While planning for precision takes fewer inputs, it still often reveals that more resources are needed than have been typical in a field. Part of that is just the sad truth: many assays are regularly conducted with sample-sizes that are indefensibly small, and we need to change that. But there are other ways to deal with this sticker-shock; see the section on Decreasing Sample-Size Needs.
Important Considerations When Planning for Precision
What if your inputs are off? That, is what if variation is 20% higher than you expected? Or 50%? The best practice is to explore a variety of inputs and judiciously choose a sample size.
Does your sample-size plan matches your research question? It sounds obvious, but you need to make sure you are planning for power for the analysis that answers your research quesiton. For example, suppose you describe the effects of both stress (high/low) and sex (male/female) on neurogensis. You will probably want to describe how much stress affects neurogenesis in male mice. And you will probably want to describe how much stress affects neurogenesis in female mice. But most importantly, you will probably want to describe the difference between these simple effects, the extent to which stress effects differ between the sexes. In that case, you need to make sure your sample-size plan is for the confidence interval for the difference between the simple effects (the interaction), and effect size that has much higher sampling error than either simple effect.
Will you estimate multiple parameters? When you want to estimate multiple parameters you increase the overall risk of providing a confidence interval that doesn’t capture the true parameter for the population. You thus need to make a sample size plan that includes the increased needs that occur when you make multiple estimates.
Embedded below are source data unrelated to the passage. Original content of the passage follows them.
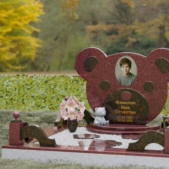 Эта мемориальная композиция представляет собой уникальный художественный проект, созданный для того, чтобы выразить бесконечную нежность и светлую печаль. Главная стела выполнена в форме головы медвежонка — символа чистоты, детства и вечного сна. Плавные, округлые линии силуэта лишены острых углов, что придает изделию визуальную мягкость и умиротворение. Мастера-камнерезы виртуозно передали геометрию образа: симметричные ушки со светлыми вставками и выразительные круглые глаза, созданные методом инкрустации камня другого оттенка. Игра контрастов между глубоким темным основанием и светлым матовым срезом декоративных элементов создает эффект живого объема, заставляя свет играть на полированных гранях и подчеркивая безупречную пластику камня.
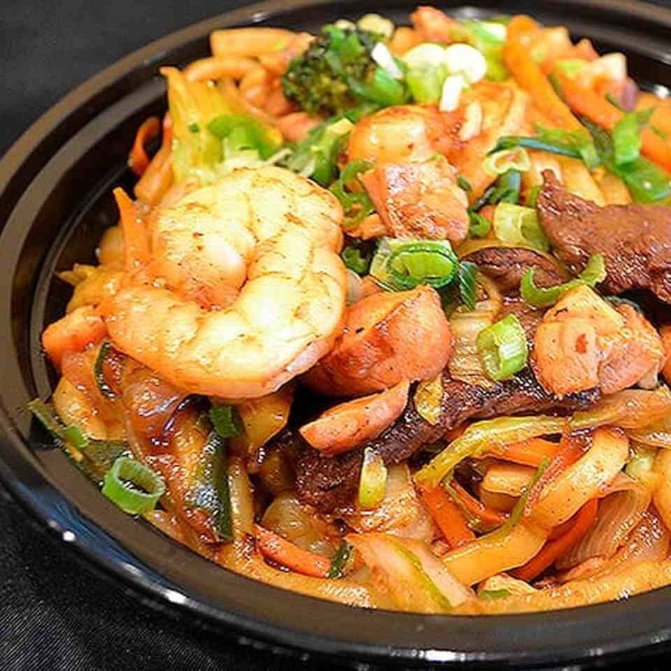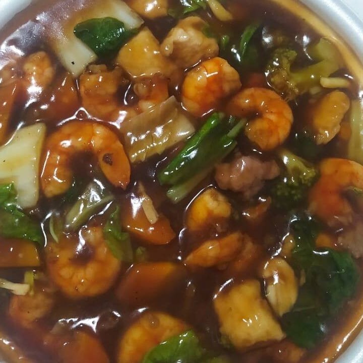 Macarrão oriental com carne, frango e camarão legumes ao molho de soja. Contém acelga, brócolis, cenoura e repolho.
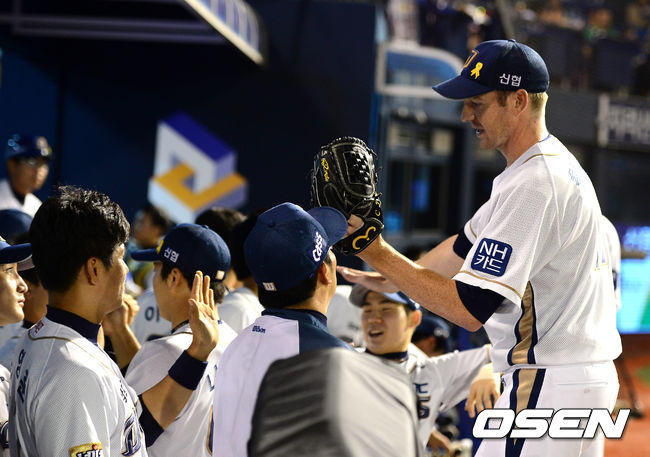 6회초 수비를 마친 찰리가 더그아웃에서 동료선수들과 하이파이브를 하고 있다.
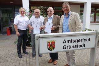 Bildunterschrift 1: Die neuen Schiedsleute Kurt Janson (Zweiter von links) und Ralf-Peter Riegel (Dritter von links) wurden im Beisein des Beigeordneten der Verbandsgemeinde Leiningerland, Bernd Findt (Erster von links) von Amtsgerichtsdirektor Michael Goldschmidt (rechts) ernannt.
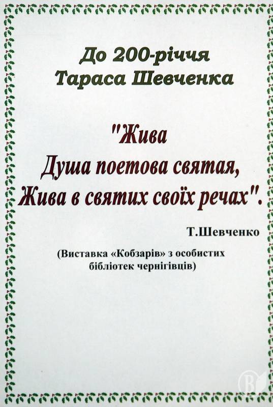 У тому числі з особистих бібліотек відомих чернігівських письменників, педагогів, журналістів та мистецтвознавців під назвою «Жива душа поетова святая, жива в святих своїх речах». Усього експонується 29 видань, найстарше з яких датоване 1876 роком (з фондів нашого музею).
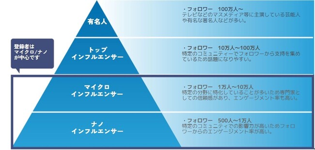 さらに、登録インフルエンサーは、フォロワー数が500~10万人のナノ~マイクロインフルエンサーが中心。特定の分野に特化し専門家としての信頼感があり、特定のコミュニティへの影響力が強いためエンゲージメント率が高くなる傾向にあります。
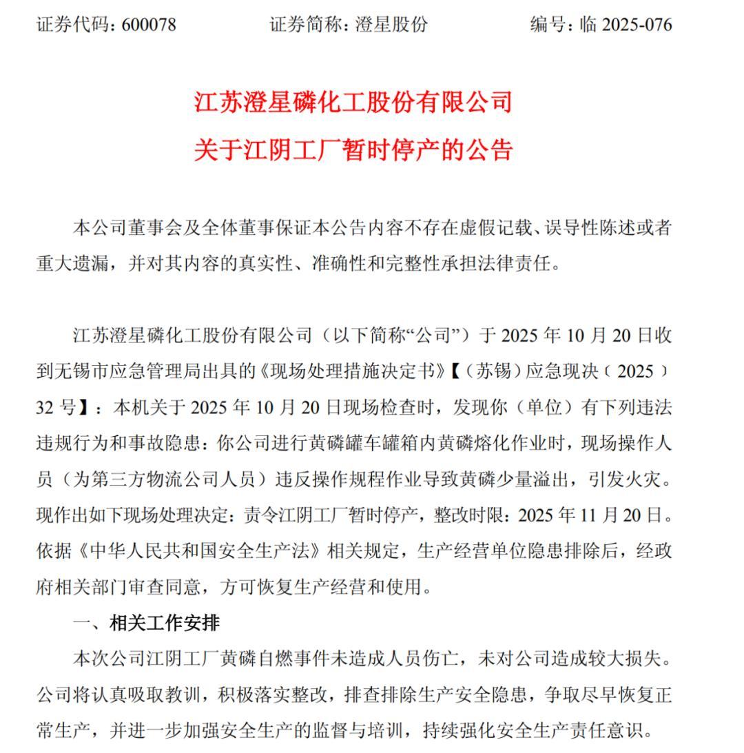 10月22日,澄星股份发布停产公告,原因是厂区突发黄磷自燃事故。此次事故对刚刚摆脱亏损困境的澄星股份的声誉和市场信心带来一定损伤,股价随即下跌9.48%。尽管如此,李星星在三年时间内将一度巨亏23.4亿元的澄星股份扭亏为盈,证明其管理能力优异。

This can become complicated, and sometimes can only be solved through simulation.
Do you have non-independent/hierarchical data? Hierarchical data (e.g. multiple cells recorded from the each animal in each condition) violates the non-independence assumed in most statistical tests. You will need to make sure you have a porper analysis strategy (e.g. sufficient summary statistics approach) and a power plan that matches.